One Fort Myers resident is using her fitness to kick cancer’s ass.

She didn’t know it when she woke up that hot Saturday morning. She didn’t know it when she strapped on her running shoes and headed for a hill workout at the park. She didn’t know it as her feet hit the ground, pounding up the incline. HIIT training is supposed to kill you, she thought ignoring the pain in her lungs. She tried to push through it. She tried to ignore the lack of air she was getting into her chest. She collapsed, feeling claustrophobic in her own skin. Struggling for air.

Chelsea Sanatucci didn’t know that this would be her last workout as a healthy 26-year-old.

In the midst of the pain, frustration emerged. Is it my drive? Is it my motivation? Do I need to pick something else up? A new sport?

It was a motivation problem, she decided. Maybe allergies. Maybe both. She had no idea that the cells of her lungs were multiplying out of control, arranging themselves into large masses, blocking her breath.

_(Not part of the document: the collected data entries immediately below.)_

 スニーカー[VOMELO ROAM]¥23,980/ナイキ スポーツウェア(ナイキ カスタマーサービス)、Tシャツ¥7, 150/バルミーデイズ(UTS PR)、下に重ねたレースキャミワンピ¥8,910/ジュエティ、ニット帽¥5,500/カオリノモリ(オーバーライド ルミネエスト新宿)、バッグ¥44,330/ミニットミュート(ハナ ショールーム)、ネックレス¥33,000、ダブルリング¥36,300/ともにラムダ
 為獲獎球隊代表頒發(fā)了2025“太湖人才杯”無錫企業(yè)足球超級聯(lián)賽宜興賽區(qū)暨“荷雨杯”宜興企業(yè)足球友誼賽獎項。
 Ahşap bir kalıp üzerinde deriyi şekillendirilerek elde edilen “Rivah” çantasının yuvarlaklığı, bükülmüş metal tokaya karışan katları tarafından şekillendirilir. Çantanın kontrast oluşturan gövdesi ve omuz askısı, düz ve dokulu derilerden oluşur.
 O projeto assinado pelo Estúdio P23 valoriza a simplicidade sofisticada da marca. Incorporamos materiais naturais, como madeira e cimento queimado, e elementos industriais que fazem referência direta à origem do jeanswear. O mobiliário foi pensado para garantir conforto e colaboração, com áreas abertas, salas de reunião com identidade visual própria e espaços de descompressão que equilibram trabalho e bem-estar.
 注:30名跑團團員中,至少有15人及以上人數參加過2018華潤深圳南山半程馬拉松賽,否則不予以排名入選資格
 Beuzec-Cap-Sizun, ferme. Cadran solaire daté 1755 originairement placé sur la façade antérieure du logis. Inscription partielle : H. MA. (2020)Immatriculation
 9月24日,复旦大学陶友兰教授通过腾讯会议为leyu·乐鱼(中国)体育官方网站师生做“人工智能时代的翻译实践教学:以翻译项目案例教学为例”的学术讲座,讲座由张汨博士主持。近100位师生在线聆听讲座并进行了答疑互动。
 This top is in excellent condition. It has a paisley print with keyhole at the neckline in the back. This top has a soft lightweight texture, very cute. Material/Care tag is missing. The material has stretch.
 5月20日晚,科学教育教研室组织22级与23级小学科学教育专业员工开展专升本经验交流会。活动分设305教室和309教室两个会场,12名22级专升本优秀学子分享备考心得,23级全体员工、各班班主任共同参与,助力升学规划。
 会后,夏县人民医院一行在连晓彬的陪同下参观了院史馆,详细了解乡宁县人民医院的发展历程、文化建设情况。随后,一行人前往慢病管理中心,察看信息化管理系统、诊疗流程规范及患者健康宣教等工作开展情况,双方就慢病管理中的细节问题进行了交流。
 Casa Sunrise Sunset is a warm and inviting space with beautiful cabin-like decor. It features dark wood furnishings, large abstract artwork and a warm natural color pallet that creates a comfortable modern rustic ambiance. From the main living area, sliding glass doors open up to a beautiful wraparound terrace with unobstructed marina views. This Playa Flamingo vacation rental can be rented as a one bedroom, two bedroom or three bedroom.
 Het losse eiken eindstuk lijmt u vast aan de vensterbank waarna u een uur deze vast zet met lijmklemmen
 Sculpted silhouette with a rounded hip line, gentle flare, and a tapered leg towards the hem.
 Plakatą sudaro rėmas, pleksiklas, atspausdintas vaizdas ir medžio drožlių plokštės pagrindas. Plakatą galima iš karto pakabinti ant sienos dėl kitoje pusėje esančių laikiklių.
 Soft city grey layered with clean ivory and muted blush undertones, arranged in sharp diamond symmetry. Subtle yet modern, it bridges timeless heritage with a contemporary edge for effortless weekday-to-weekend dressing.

Going home, she borrowed her roommate’s inhaler. Atlanta allergens were bad. They’ve finally gotten to me,she thought. She inhaled the medicine. The rest of the weekend passed. She woke Monday morning with a sharp pain in the upper left corner of her back. A muscle tweak, she thought. Athletes pull things, strain things. She was used to pain, so she got up and went to work.

It wasn’t until the next day, Tuesday, that she realized something was terribly wrong.  She woke up at 5:30 a.m. unable to breathe. A pain stabbed at her back—like a knife—with each attempt to inhale. A whole breath was impossible. A heart attack. I’m having a heart attack. She started to cry.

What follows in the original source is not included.